*** Source data ***

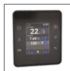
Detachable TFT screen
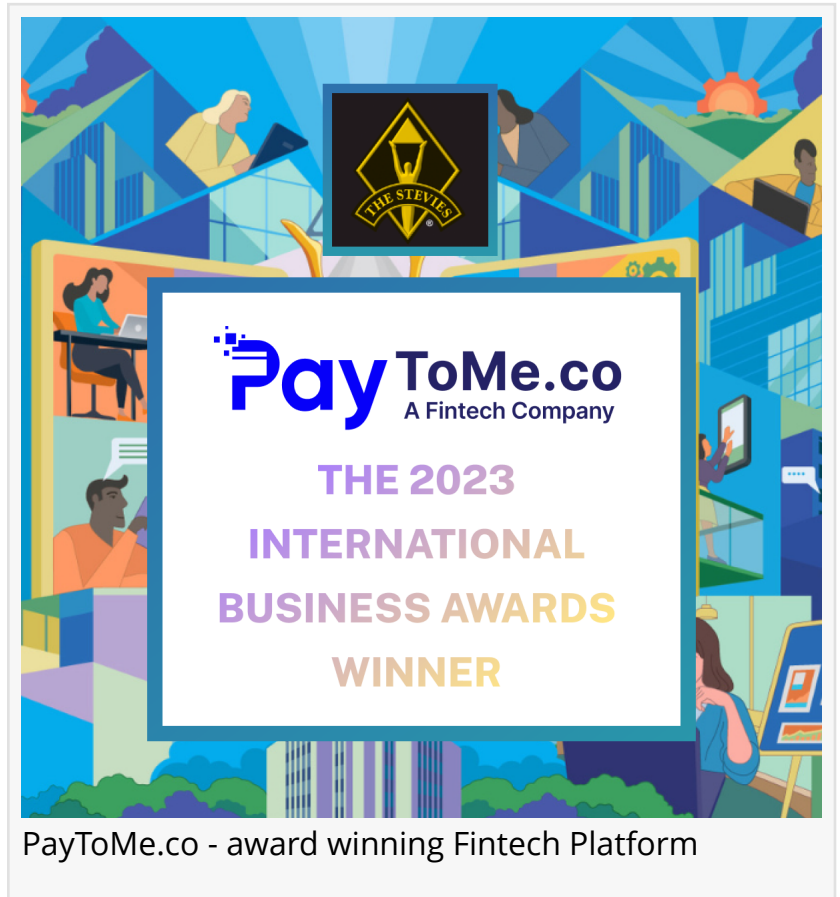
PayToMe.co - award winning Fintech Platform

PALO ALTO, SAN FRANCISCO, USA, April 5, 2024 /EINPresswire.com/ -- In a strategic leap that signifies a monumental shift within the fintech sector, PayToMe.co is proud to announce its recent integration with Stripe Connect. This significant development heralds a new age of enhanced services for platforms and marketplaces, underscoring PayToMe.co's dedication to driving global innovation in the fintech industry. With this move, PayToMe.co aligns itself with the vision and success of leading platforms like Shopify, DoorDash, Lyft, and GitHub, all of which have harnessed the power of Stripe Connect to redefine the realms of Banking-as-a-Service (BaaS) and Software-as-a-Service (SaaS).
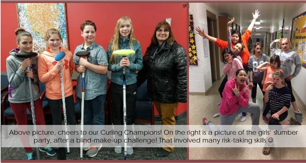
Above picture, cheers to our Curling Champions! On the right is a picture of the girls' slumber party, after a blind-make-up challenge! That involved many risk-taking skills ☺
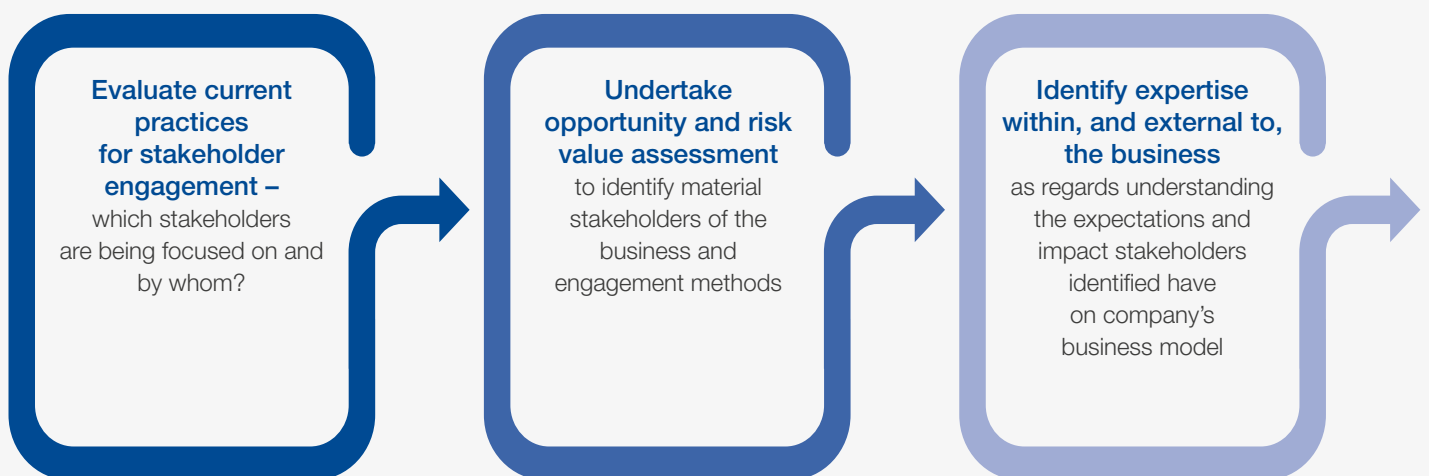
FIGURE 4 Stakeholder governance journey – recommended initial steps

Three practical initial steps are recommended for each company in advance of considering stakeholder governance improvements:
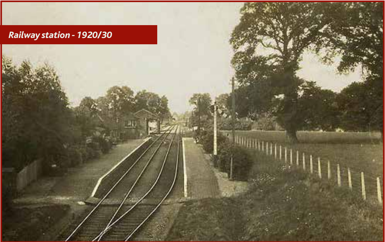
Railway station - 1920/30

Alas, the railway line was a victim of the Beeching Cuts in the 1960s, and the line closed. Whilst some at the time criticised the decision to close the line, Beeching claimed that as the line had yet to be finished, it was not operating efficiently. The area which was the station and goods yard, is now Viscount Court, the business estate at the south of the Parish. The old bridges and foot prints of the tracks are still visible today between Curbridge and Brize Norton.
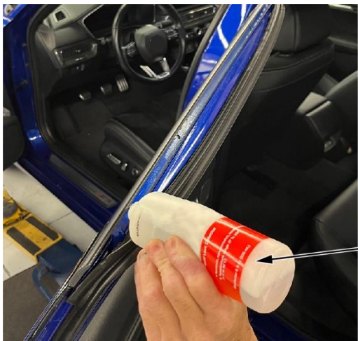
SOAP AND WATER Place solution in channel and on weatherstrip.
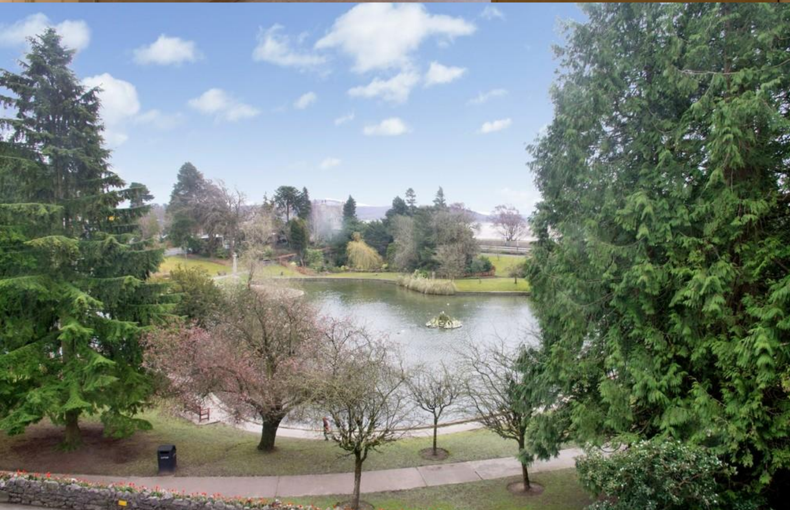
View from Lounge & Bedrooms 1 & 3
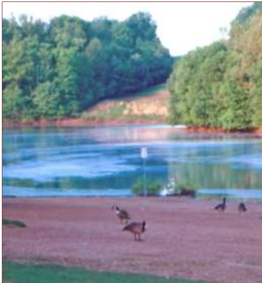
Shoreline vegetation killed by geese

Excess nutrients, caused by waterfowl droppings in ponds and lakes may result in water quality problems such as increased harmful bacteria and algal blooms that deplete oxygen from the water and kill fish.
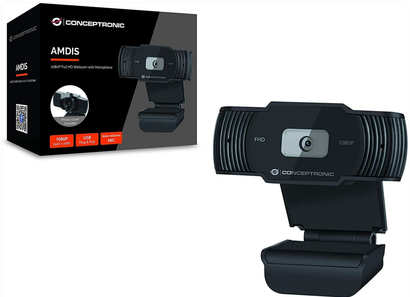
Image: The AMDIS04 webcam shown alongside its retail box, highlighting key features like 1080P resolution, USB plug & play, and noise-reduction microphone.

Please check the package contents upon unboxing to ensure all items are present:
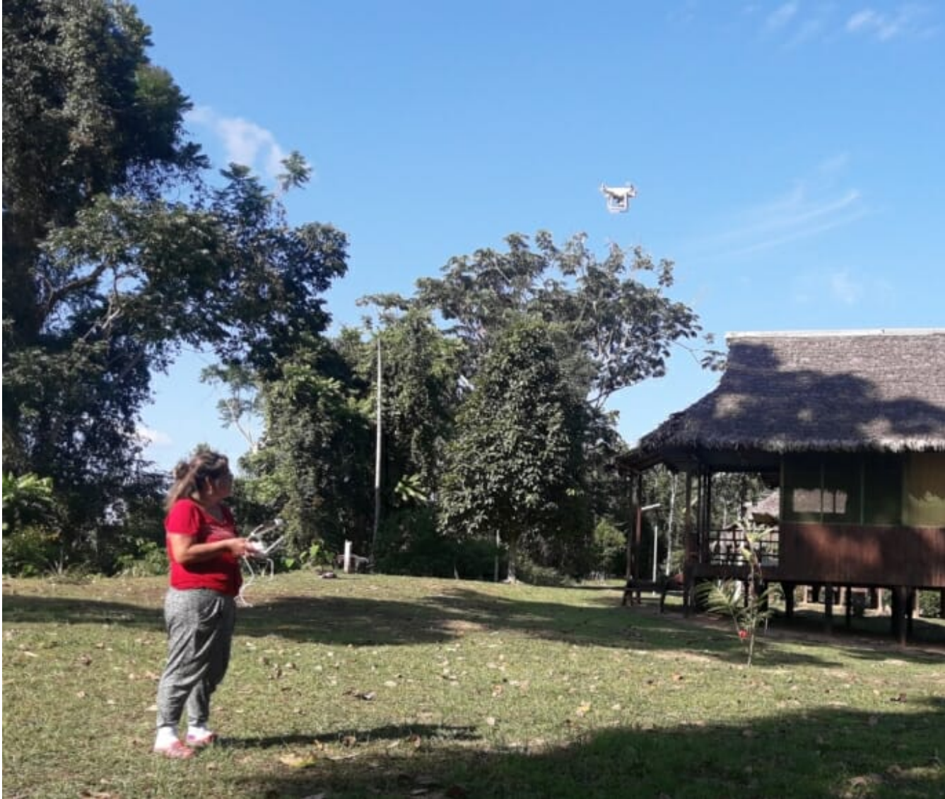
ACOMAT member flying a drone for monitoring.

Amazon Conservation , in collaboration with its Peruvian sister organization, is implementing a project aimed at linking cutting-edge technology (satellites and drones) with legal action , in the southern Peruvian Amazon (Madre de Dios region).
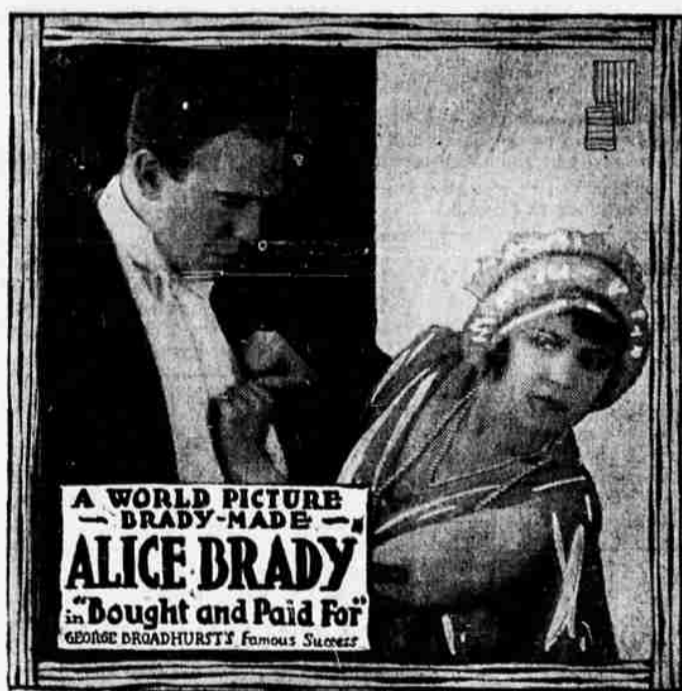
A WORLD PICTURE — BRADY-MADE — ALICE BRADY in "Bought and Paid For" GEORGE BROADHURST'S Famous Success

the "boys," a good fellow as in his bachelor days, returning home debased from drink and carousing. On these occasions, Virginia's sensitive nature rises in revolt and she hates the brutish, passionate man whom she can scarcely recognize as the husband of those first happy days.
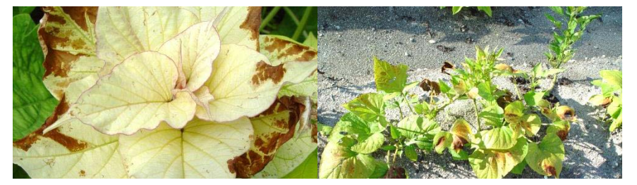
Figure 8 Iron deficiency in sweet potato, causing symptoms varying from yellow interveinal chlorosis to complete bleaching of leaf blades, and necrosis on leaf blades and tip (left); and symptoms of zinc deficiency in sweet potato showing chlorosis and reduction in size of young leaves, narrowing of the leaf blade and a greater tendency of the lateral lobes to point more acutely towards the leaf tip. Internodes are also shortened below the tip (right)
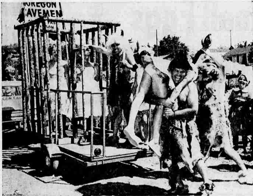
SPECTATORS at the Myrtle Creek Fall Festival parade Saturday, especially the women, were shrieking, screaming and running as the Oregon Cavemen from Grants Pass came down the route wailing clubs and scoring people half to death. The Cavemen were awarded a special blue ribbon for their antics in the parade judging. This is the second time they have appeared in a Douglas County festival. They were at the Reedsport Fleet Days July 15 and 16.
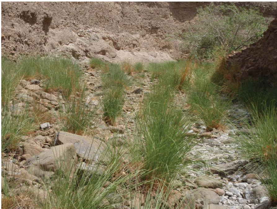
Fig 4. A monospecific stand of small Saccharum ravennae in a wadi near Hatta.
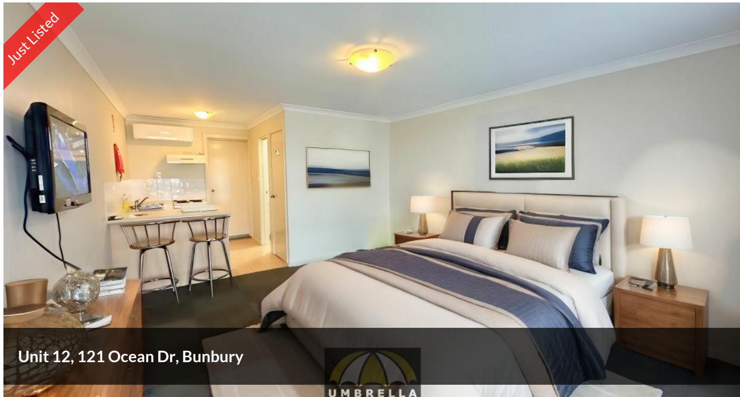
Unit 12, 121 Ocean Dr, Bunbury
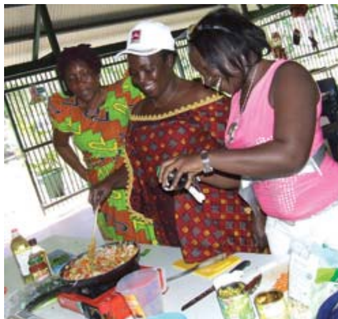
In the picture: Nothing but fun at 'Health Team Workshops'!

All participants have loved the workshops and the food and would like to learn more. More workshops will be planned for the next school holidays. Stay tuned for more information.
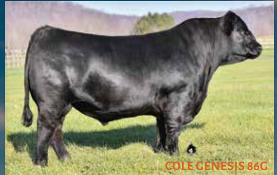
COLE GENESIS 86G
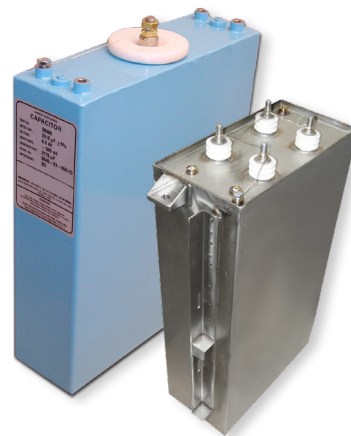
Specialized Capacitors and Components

*** End of Source data ***

Reproduce the data above exactly, but only from the line containing "A WORLD PICTURE" through the line containing "COLE GENESIS 86G". Omit all pictures.

Task answer:
A WORLD PICTURE — BRADY-MADE — ALICE BRADY in "Bought and Paid For" GEORGE BROADHURST'S Famous Success

the "boys," a good fellow as in his bachelor days, returning home debased from drink and carousing. On these occasions, Virginia's sensitive nature rises in revolt and she hates the brutish, passionate man whom she can scarcely recognize as the husband of those first happy days.
Figure 8 Iron deficiency in sweet potato, causing symptoms varying from yellow interveinal chlorosis to complete bleaching of leaf blades, and necrosis on leaf blades and tip (left); and symptoms of zinc deficiency in sweet potato showing chlorosis and reduction in size of young leaves, narrowing of the leaf blade and a greater tendency of the lateral lobes to point more acutely towards the leaf tip. Internodes are also shortened below the tip (right)
SPECTATORS at the Myrtle Creek Fall Festival parade Saturday, especially the women, were shrieking, screaming and running as the Oregon Cavemen from Grants Pass came down the route wailing clubs and scoring people half to death. The Cavemen were awarded a special blue ribbon for their antics in the parade judging. This is the second time they have appeared in a Douglas County festival. They were at the Reedsport Fleet Days July 15 and 16.
Fig 4. A monospecific stand of small Saccharum ravennae in a wadi near Hatta.
Unit 12, 121 Ocean Dr, Bunbury
In the picture: Nothing but fun at 'Health Team Workshops'!

All participants have loved the workshops and the food and would like to learn more. More workshops will be planned for the next school holidays. Stay tuned for more information.
COLE GENESIS 86G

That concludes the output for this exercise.